五王名叫德岩,七王名叫禹阳,他们都是四妃膜母氏和西炎王的儿子。
西炎王有九个儿子,在其他儿子在时,五王和七王只是王子中的小透明。可随着激烈的王位竞争,西炎王的儿子死得死,伤得伤,就只剩下五王和七王两个。
在这种情况下,西炎王不得不重视起来了这两个儿子。
五王和七王也一下子成为了西炎国内,炙手可热的对象。
一母同胞的两王也因此开始了你争我夺,但始冉和岳梁的安危,让原本勾心斗角的两人,达成了一种奇异的和谐。
他们一起来到丹阳殿,请求西炎王尽快救出远在他国的始冉和岳梁。
“父王,儿子求求您了,救救始冉吧!他年纪尚小,人又良善,要是把他一个人留在皓翎,不知道会出什么事。”五王率先开口道,“父王,儿臣求你救救他吧!”
没等西炎王回答,一旁的七王也紧接着说道:“父王,岳梁他虽然顽劣,但也是儿子的亲生骨肉,儿子不想白发人送黑发人!”
看着面前的两个儿子一把鼻涕一把泪地向自己哭诉,西炎王只觉得头疼。
都一大把年纪的人了,一遇到事情,就知道来找自己父王哭。
这能怪自己不把西炎国君的位置交给他们中的一人吗?
不过,毕竟是自己唯二的两个儿子。西炎王还是耐着性子解释道:“先别嚎了。始冉和岳梁是不会有事的。”
“为什么?”
“是啊,为什么?”
五王和七王的眼神里,透露出如出一辙的愚蠢。
真不愧是一个娘生的亲兄弟!西炎王在心里感叹道。
可无论西炎王如何腹诽,他脸上是一点儿变化都没有。
他用手指敲了敲卓子,面不改色地说道:“皓翎离朱刚刚摄政,朝中大臣并没有都信服他。就算他执意要杀始冉和岳梁,他手底下的人也会出言劝阻的。”
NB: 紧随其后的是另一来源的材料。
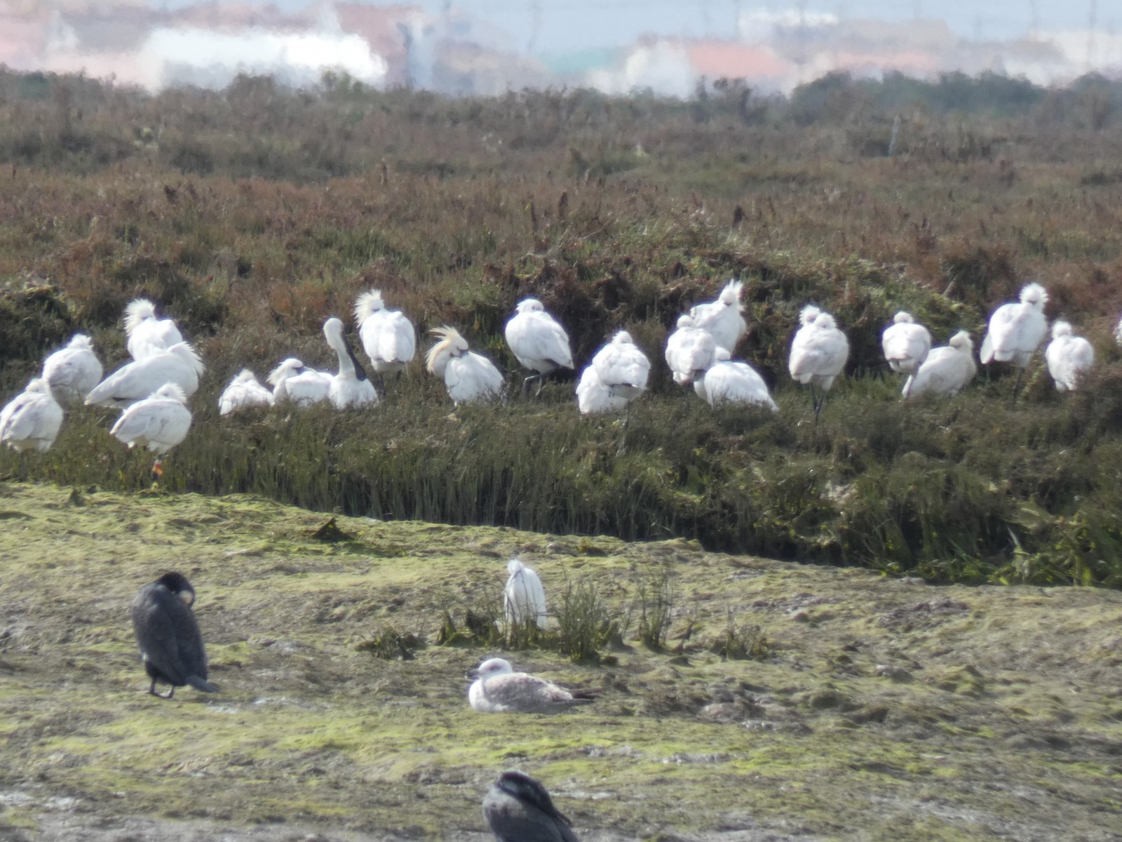 The mud flats are observable during low tide, with sometimes high densities of wading birds, especially during migration and in winter. The resting colony of Löffler can be seen from the pier.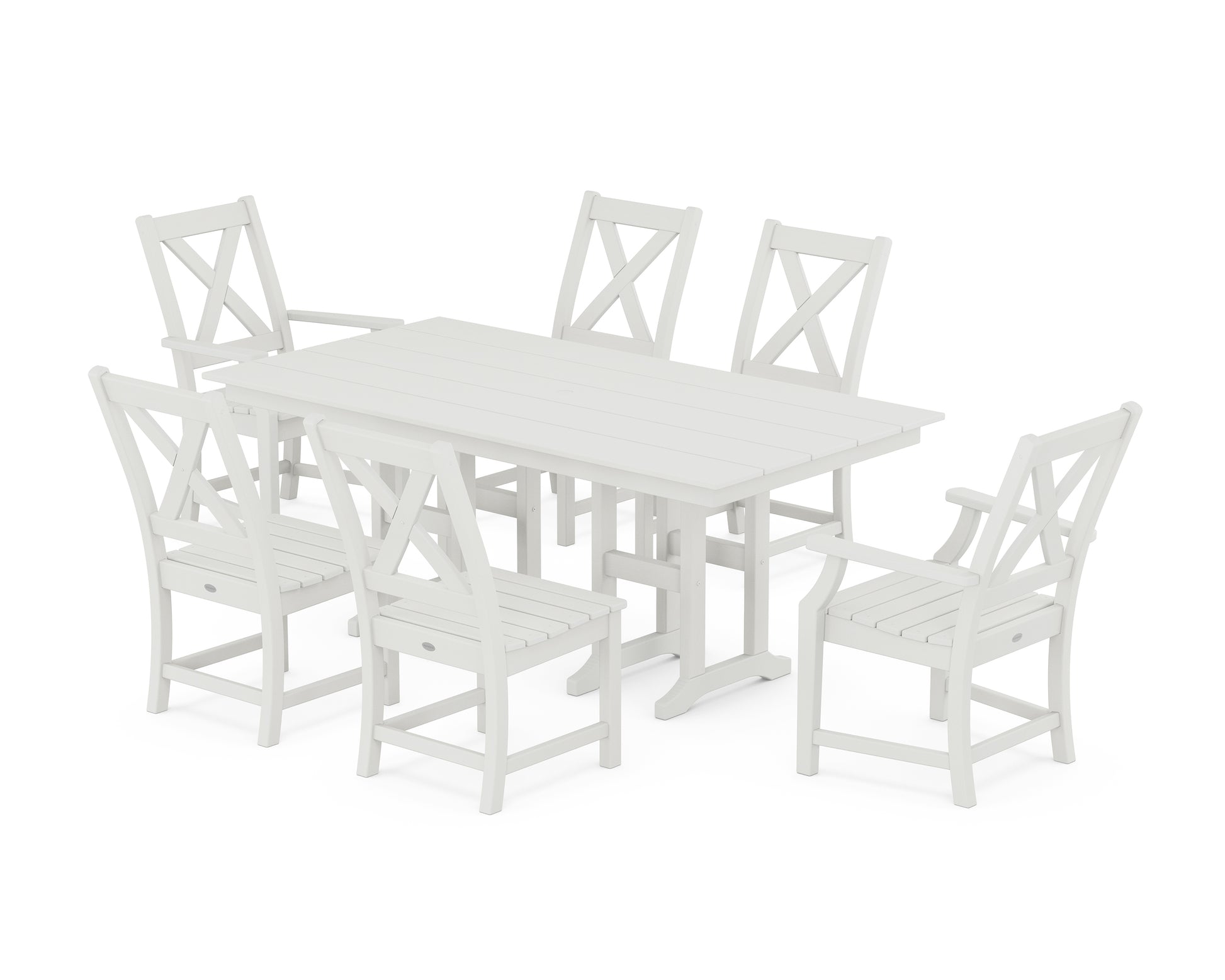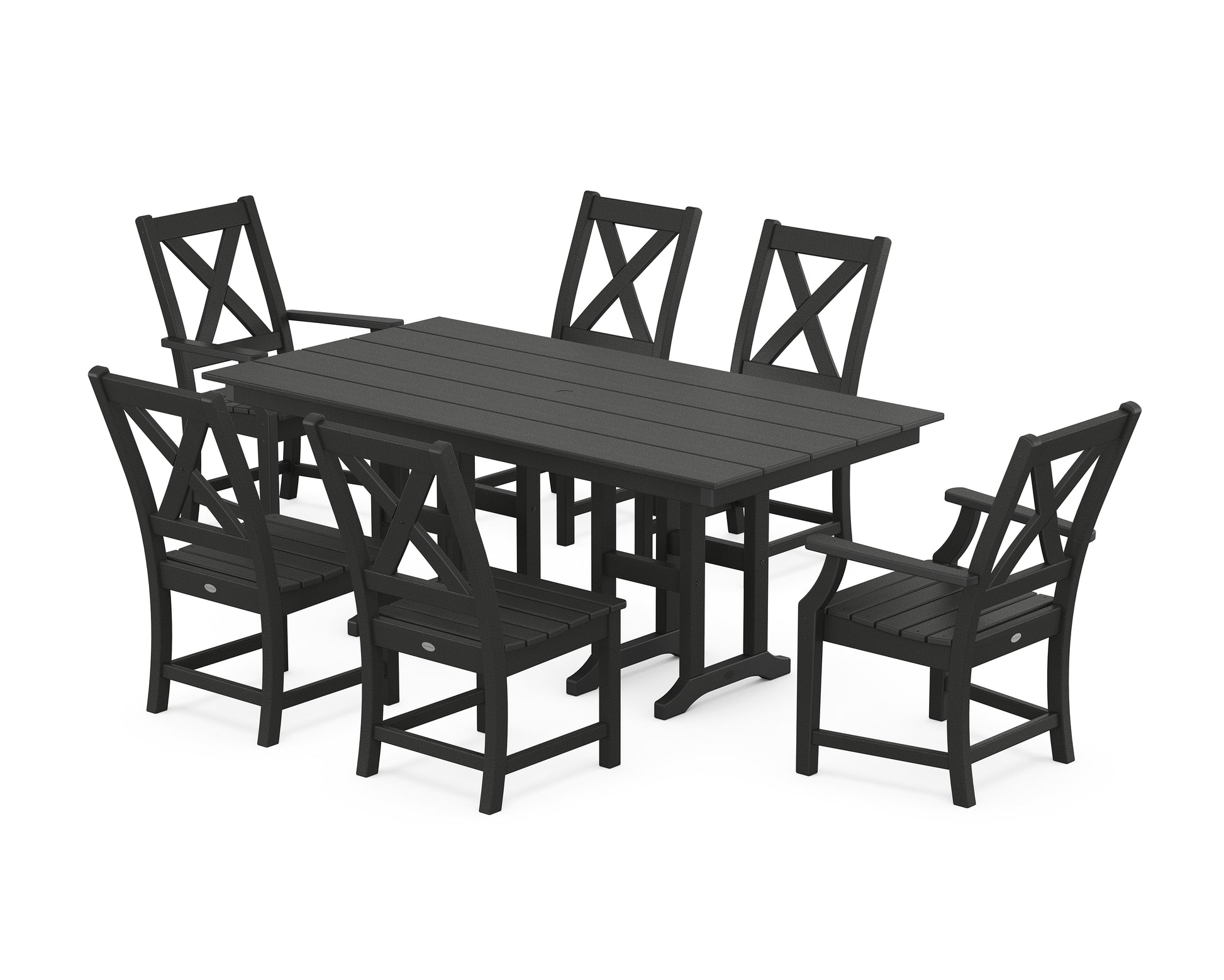 A blend of modern design and rustic elements, the Braxton Collection is always a conversation starter. Forever in season and forever in style, this all-weather collection finds its balance with clean lines, curved profiles, and farmhouse-inspired x-back design. Set an inviting dinner scene for family and friends with our Braxton 7-Piece Farmhouse Dining Set, shown here with four side chairs and two armchairs sitting pretty around a rectangle dining table.

五王:“万一他一意孤行,非要杀始冉呢?毕竟始冉自幼聪慧,天资又好。”
西炎王看了看傻不愣登的五王,简直无法可说。
他怎么这么笨呢!
正当西炎王想训斥五王的时候,七王又忙不迭地向西炎王展示了他的“机智”。
“为什么会杀始冉,难道我的岳梁就不配吗?论灵力高低,岳梁绝不逊于始冉,他可是……”
“好了!都闭嘴吧。”
七王的话还没说完,就被西炎王的一声暴喝打断。
五王和七王立刻就像鹌鹑一样胆怯地缩了出来。
为了避免自己被这两个儿子气死,西炎王挥了挥手,“你们退下吧。始冉和岳梁的事,我会管的,我是不会让我的孙儿出事的。”
五王和七王还想再说什么,可西炎王积威甚重,心不甘情不愿的两人也只能悻悻而去。
两人走后,一个顾盼生辉的清丽佳人走了出来。
她端了一杯茶,走到西炎王面前,递给他,“爷爷,喝点茶,消消气吧。”
西炎王接过茶,痛喝一口,顿感心里舒畅不少,他欣慰道:“若萱,还是你最懂事。要是你两位王叔,能像你这样聪慧,我就不必担心,我西炎后继无人了。”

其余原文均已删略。